After two days of contested hearings last week, magistrate Stephen Ballek asked Sewell to stand in court as he delivered his verdict and dismissed Sewell’s arguments of self-defence.
“I find you, Thomas Sewell, guilty,” he said.
Ballek said Sewell was “itching for a fight” when he visited Nine Network’s building on March 1 with a cameraman and demanded to speak to someone from A Current Affair.
He claimed ACA’s segment on him that evening showed his group to be a terrorist organization and said the program had not contacted him for comment.
After ACA staff declined to meet with Sewell, his cameraman Jacob Hersant began filming Sewell inside the foyer.
A security guard walked over, placed his hand over the camera lens and told the pair to stop filming, directing them to an area out the front of the building.
The pair eventually agreed to go outside, but the guard followed them after they started filming near the door. They finally listened to the man’s directions and moved further away.
The guard then begins making a dancing-type motion to the camera.
Hersant taunted and mocked the guard, saying: “Dance monkey, dance.”
The guard told him “watch yourself, bro, I’m not a dance monkey” and touched Hersant on his shoulder, in an effort to push him backwards, before Sewell leapt in and began attacking the guard.
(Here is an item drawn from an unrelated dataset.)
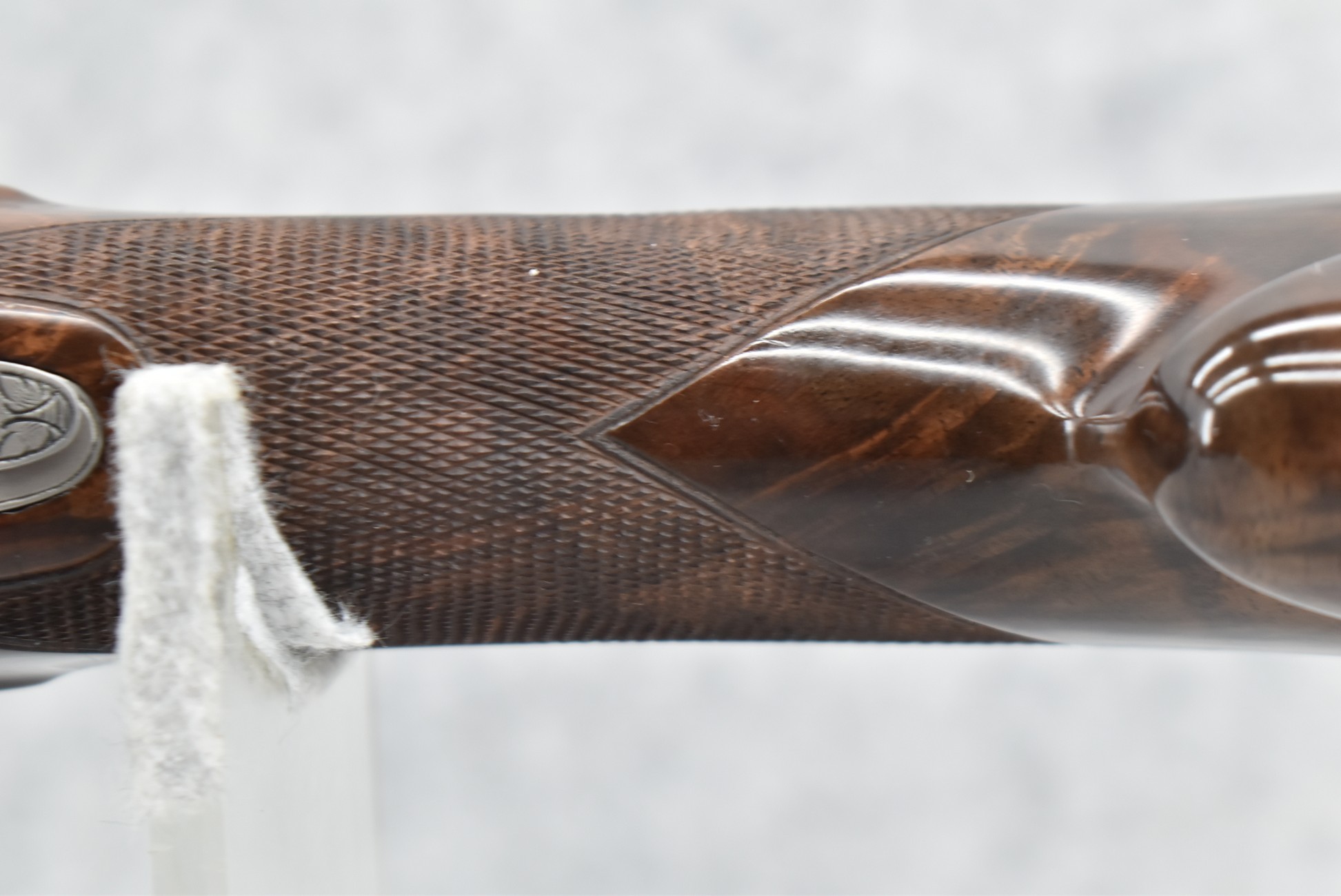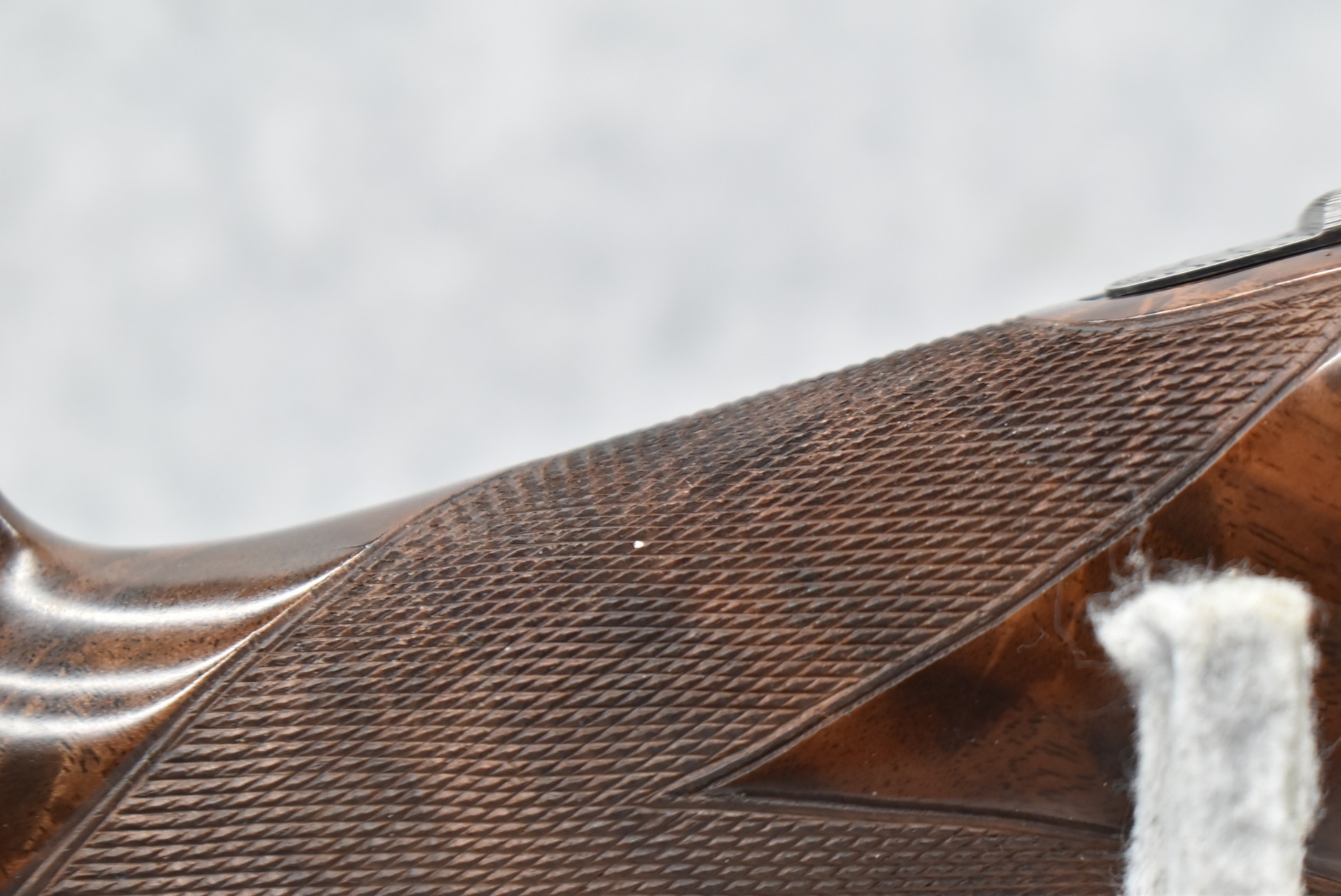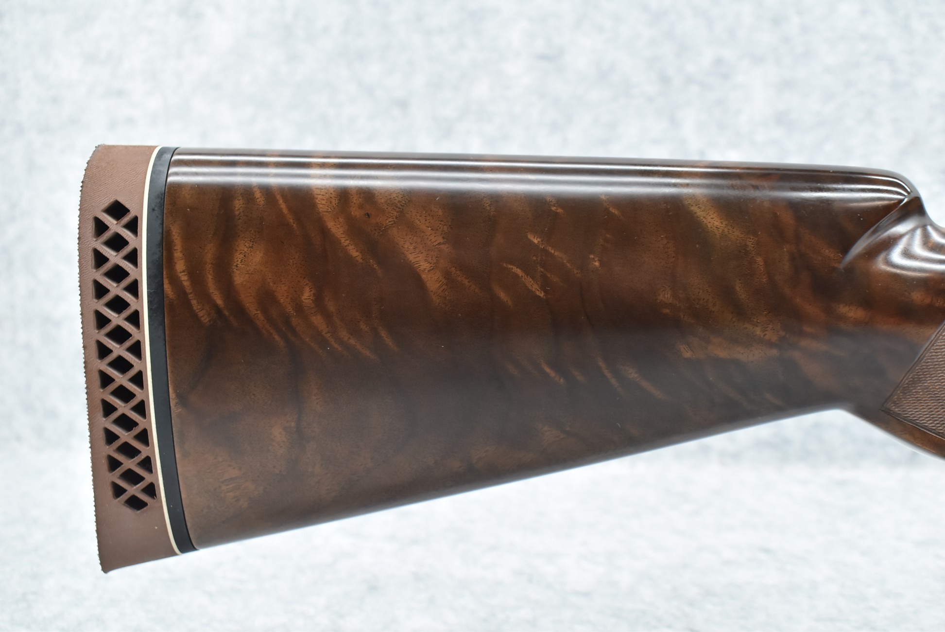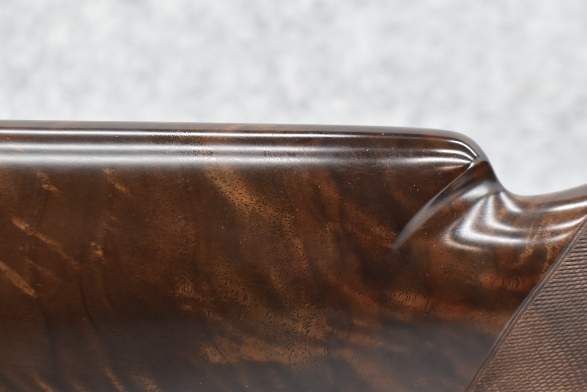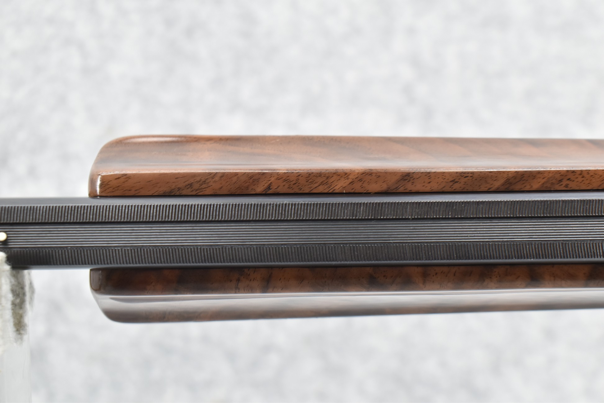 335R. Excellent! R. Dewil Signed & Engraved Belgian Browning 12ga. 2 ¾” Superposed Diana Grade Broadway Trap Over-Under Shotgun – Serial Number 6398569 – Gun is Fitted w/32” Blued Steel Barrels w/Broadway Tap Wide Vent-Rib & Dual Bead Sights – Barrels Are Choked Full on the Top & Improved Modified on the Bottom – Barrels Retain Virtually All Their Blued Finish – The Receiver on This Gun is a Coin Silver Finish Which Has Been Masterfully Engraved by Browning Master Engraver Rene Dewil. The Right Side of the Receiver is Done with a Flushing Waterfowl Scene Bordered w/Floral Pattern Scroll, The Left Side Mimics the Same Floral Scroll Broder but Around a Flushing Pheasant Scene. Bottom of the Receiver & Trigger Guard Are Engraved w/Quail & Rabbits Bordered by a Floral Scroll Pattern. DeWil’s Signed Both Sides of the Receiver at the Bottom of Each Scene! – Gun is Stocked with a Highly Figured Checkered Pistol Grip Wood Butt Stock w/Factory Browning Recoil Pad & Matching Highly Figured Checkered Wood Forearm – This Gun Started Out as a “Salt Wood” Gun but Was Promptly Sent Back by the Owner to Browning to Have the Necessary Warranty Work Performed! Accompanying This Fine Gun is the Original Purchase Receipt of This Gun for $850 & The Receipt Dated June 26, 1970! The Original Browning Superposed Guarantee Warranty Card & All the Original Correspondence from When the Gun Was Sent Back to Browning for the Warranty of the Salt Wood Issue! Overall, an Excellent Example of a Diana Grade Superposed!

The magistrate said the guard had no time to react when Sewell began punching him in the head.
The “force and repetition” of the punches caused the guard to fall backwards and hit his head on the concrete, Ballek found.
He rejected Sewell and Hersant’s evidence, which included that the guard had grabbed Hersant by the throat and Sewell had beaten the guard in an effort to defend his friend and himself.
“It seems to me that very second you perceive any physical contact from [the guard] on Mr Hersant, you leapt in with sustained and unjustified violence,” Ballek said.
“The video evidence graphically shows the disturbing nature of a strong man brutally punching an unsuspecting victim in the face, such that he falls backwards and strikes his head on the pavement.”
An alternative assault charge was thrown out after Ballek found prosecutors had successfully proven recklessly causing injury.
Sewell, who remains on bail, is facing up to two years in jail. He will return to court on 12 January for a pre-sentence hearing.